------ Extracted information ------

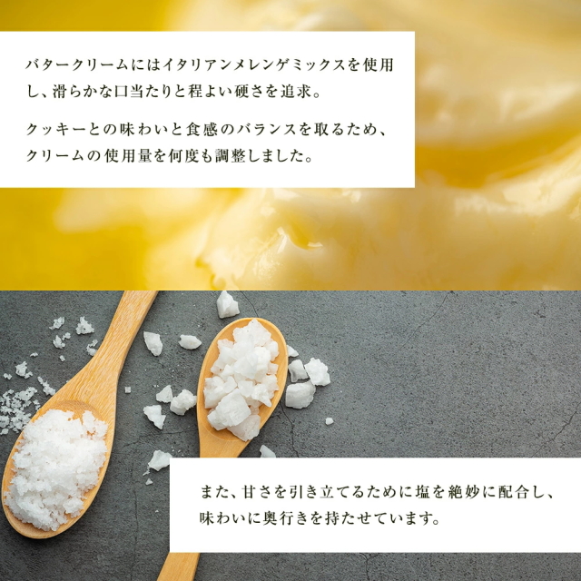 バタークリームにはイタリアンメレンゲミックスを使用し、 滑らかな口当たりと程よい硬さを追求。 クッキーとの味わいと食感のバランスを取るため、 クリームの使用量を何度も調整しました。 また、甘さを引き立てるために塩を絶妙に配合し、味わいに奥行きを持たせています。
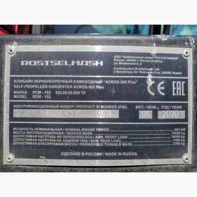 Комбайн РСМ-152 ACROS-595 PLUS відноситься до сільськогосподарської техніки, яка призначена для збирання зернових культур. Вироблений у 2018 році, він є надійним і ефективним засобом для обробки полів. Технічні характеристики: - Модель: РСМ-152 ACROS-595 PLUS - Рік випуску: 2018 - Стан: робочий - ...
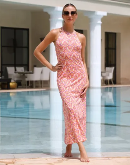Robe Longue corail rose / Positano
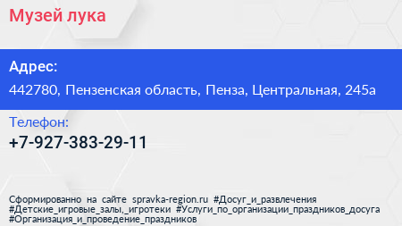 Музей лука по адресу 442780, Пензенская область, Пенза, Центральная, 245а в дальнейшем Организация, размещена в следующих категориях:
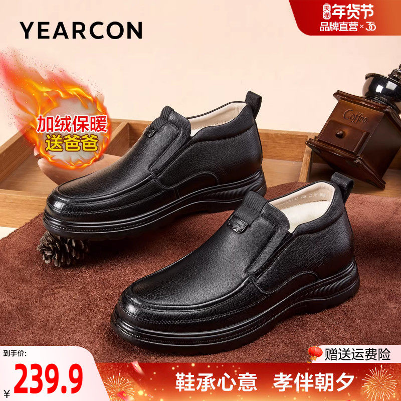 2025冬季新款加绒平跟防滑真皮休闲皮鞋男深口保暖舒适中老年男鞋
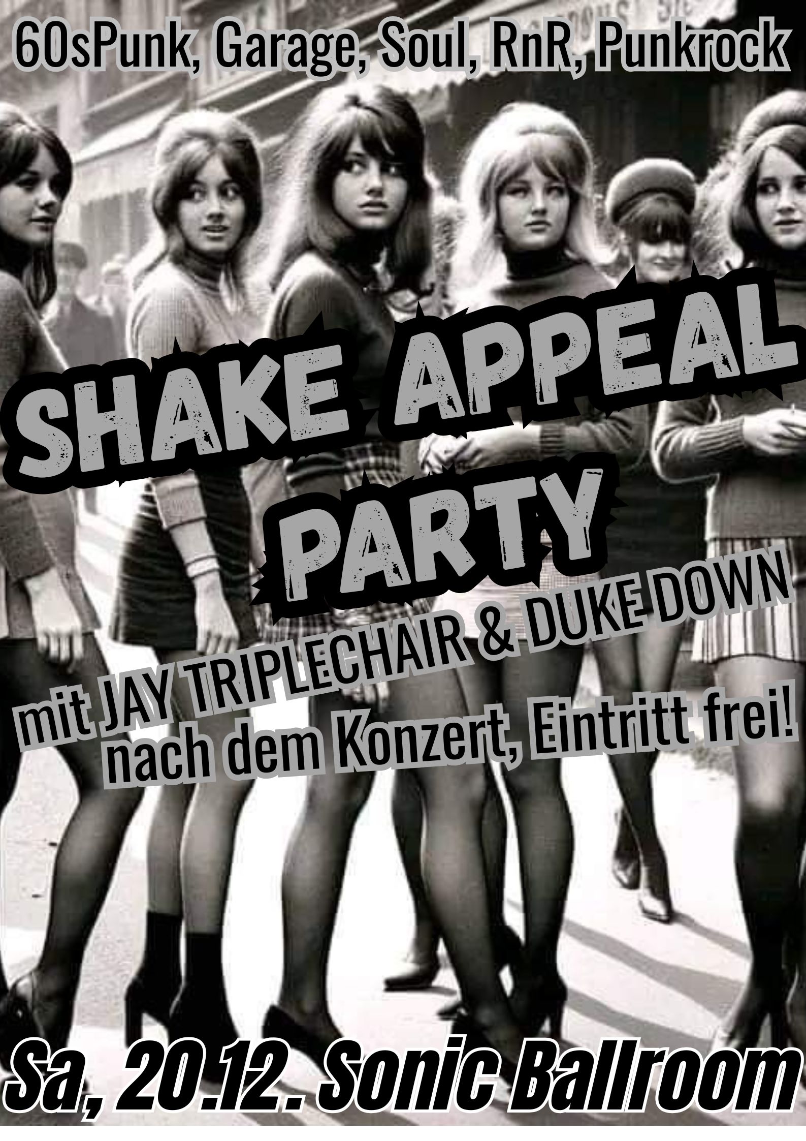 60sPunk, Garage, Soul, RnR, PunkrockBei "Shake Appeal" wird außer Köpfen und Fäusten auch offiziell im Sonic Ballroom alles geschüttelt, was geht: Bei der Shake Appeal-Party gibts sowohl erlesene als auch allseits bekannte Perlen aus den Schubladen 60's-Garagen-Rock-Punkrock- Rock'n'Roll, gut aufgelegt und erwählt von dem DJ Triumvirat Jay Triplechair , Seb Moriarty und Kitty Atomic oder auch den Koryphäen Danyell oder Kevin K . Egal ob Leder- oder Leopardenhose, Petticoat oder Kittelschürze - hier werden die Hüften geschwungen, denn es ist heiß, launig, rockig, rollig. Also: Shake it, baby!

------
------ Extracted information ------

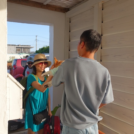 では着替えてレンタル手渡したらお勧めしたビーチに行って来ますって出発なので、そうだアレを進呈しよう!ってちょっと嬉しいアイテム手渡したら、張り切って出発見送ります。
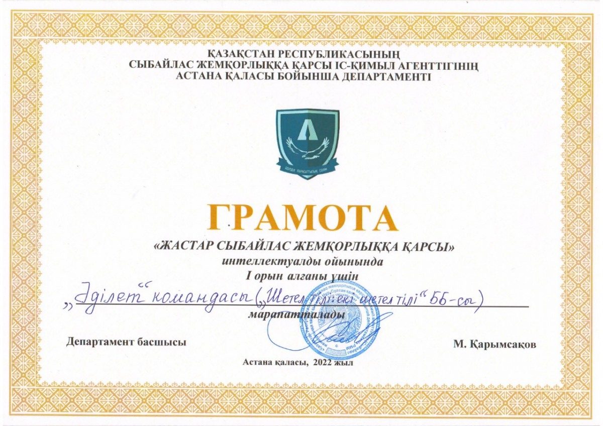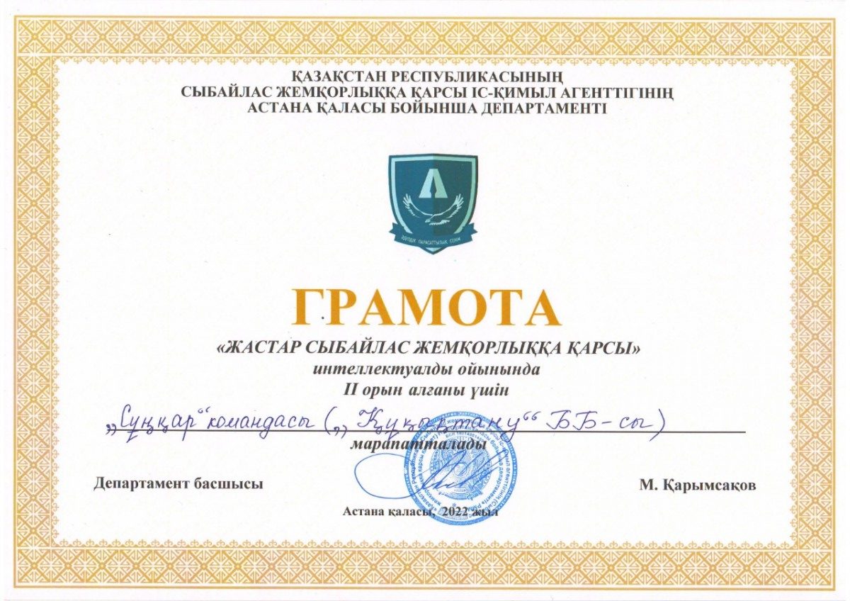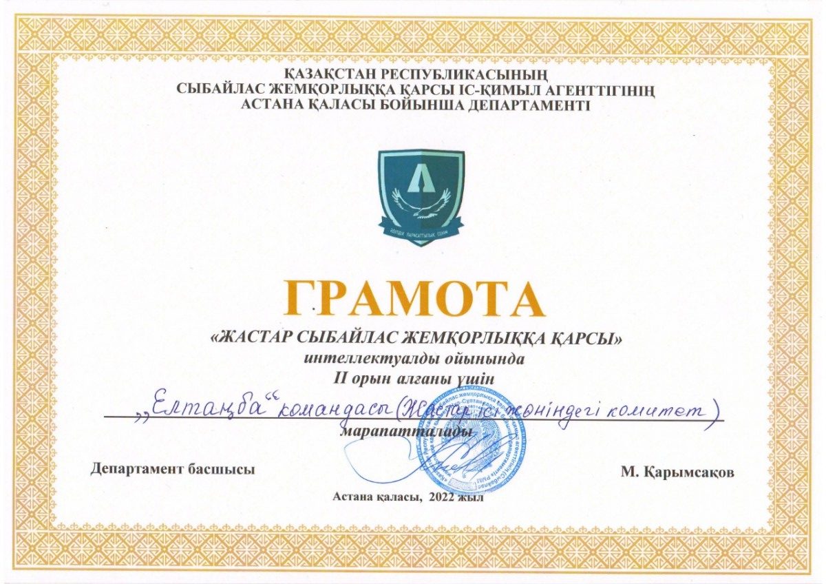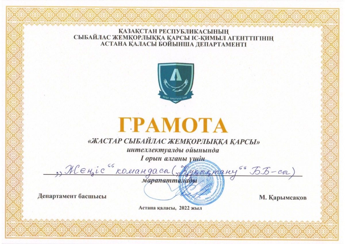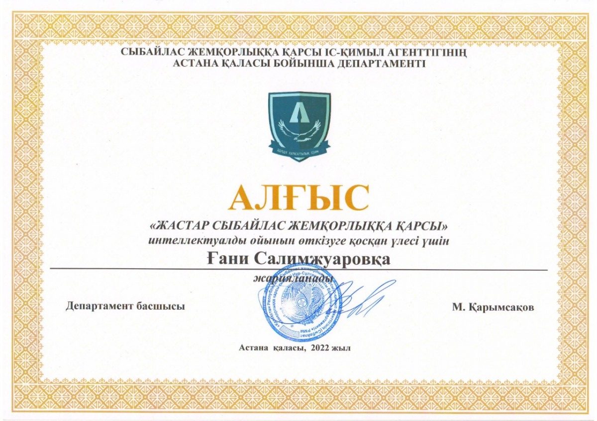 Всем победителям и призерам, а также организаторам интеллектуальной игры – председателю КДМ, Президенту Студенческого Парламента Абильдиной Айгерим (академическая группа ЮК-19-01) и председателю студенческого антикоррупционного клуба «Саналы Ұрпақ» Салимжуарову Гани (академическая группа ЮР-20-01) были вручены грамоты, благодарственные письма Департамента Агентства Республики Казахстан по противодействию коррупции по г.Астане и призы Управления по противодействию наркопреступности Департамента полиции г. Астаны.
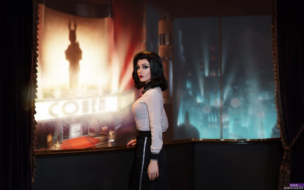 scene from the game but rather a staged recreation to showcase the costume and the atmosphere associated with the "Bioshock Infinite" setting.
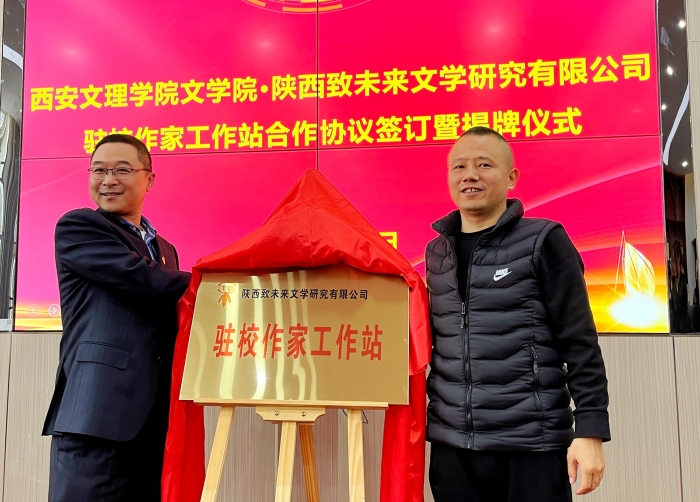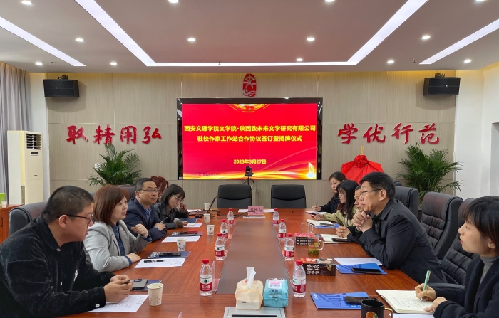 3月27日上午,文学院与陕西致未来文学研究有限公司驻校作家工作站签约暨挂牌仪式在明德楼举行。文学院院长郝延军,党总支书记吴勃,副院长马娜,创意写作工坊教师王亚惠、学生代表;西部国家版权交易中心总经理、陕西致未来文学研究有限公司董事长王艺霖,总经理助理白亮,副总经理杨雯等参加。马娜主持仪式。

------

#### [Problem to solve]
Using the data above, which lines fall from the one with "Музей лука по" through the one with "60sPunk, Garage, Soul, RnR, PunkrockBei"? Repeat them exactly, ends included, minus any pictures.

#### [Written solution]
 Музей лука по адресу 442780, Пензенская область, Пенза, Центральная, 245а в дальнейшем Организация, размещена в следующих категориях:
 2025冬季新款加绒平跟防滑真皮休闲皮鞋男深口保暖舒适中老年男鞋
 60sPunk, Garage, Soul, RnR, PunkrockBei "Shake Appeal" wird außer Köpfen und Fäusten auch offiziell im Sonic Ballroom alles geschüttelt, was geht: Bei der Shake Appeal-Party gibts sowohl erlesene als auch allseits bekannte Perlen aus den Schubladen 60's-Garagen-Rock-Punkrock- Rock'n'Roll, gut aufgelegt und erwählt von dem DJ Triumvirat Jay Triplechair , Seb Moriarty und Kitty Atomic oder auch den Koryphäen Danyell oder Kevin K . Egal ob Leder- oder Leopardenhose, Petticoat oder Kittelschürze - hier werden die Hüften geschwungen, denn es ist heiß, launig, rockig, rollig. Also: Shake it, baby!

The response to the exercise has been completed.